Evaluation of mean species mass fractions in premixed turbulent flames: A DNS study

International audience; Direct Numerical Simulation (DNS) data obtained by Dave and Chaudhuri (2020) from a lean, complex-chemistry, hydrogen-air flame associated with the thin-reaction-zone regime of premixed turbulent burning are analyzed (by adapting five alternative definitions of combustion progress variable c) in order to examine three different models that (i) are based on the flamelet paradigm and (ii) aim at evaluating mean concentrations of various species in applied CFD research into turbulent combustion.
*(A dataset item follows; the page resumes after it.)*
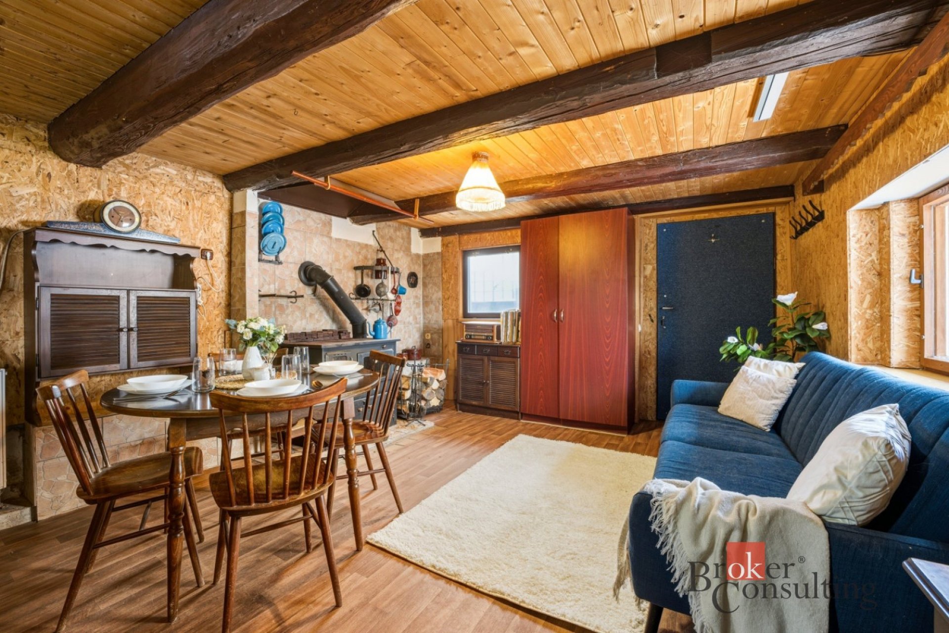 V přízemní části rodinného domu se nacházejí dva identické kamenné sklepní prostory s klenbovým stropem a technická místnost, přes kterou se do domu také vchází. Po schodišti se dostanete do prvního patra, kde se nachází první obytná část, a to obývací pokoj s kuchyní, prostornou ložnicí a samostatnou koupelnou a toaletou. Po dalším schodišti vstoupíte do podkroví, kde jsou dva pokoje, z nichž jeden je neprůchozí a druhý aktuálně slouží jako takový druhý obývací pokoj. Přízemí a první patro nabídnou každý cca 51m2, druhé patro pak 22m2. Dále je součástí pozemku dílna a kůlna o celkové velikosti 50m2 a také samostatně stojící dřevěná 18m2 velká garáž.
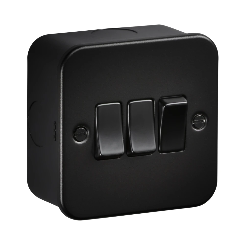 Manufactured to relevant British Standards, the Knightsbridge Black Metal Clad 3 Gang Switch delivers reliable performance in high-traffic indoor settings.

Mean mole fractions of all considered species and mean density are predicted if the laminar-flame profiles of species mole fractions and density, respectively, are directly averaged using a Probability Density Function (PDF) P(c). The best predictions are obtained by extracting P(c) from the DNS data and defining c based on hydrogen mass fraction. These predictions suggest that mean mole fractions of various species in a premixed turbulent flame can be evaluated at a post-processing stage of a CFD study by adopting P(c), obtained at the major stage of the simulations, to average a flamelet library. When applied in such a way, the flamelet paradigm is useful even for lean hydrogen-air flames and even at Karlovitz number as large as 13. If the same PDF is applied to average reaction rates from the same flamelet library, the mean rates of production/consumption of species n are poorly predicted, e.g. for radicals H, O, OH, HO2, and H2O2 if c is defined using hydrogen mass fraction. A hypothesis that conditioned rates 〈Wn|c〉 can be predicted using conditioned mole fractions 〈Xn|c〉, temperature 〈T|c〉, and density 〈ρ|c〉 is not supported either, e.g. for radicals O and OH. These differences between predictive capabilities of the first approach (directly averaging concentration profiles) and two other approaches (averaging reaction rates) are attributed to weakly (highly) non-linear dependencies of the concentrations (rates, respectively) on c.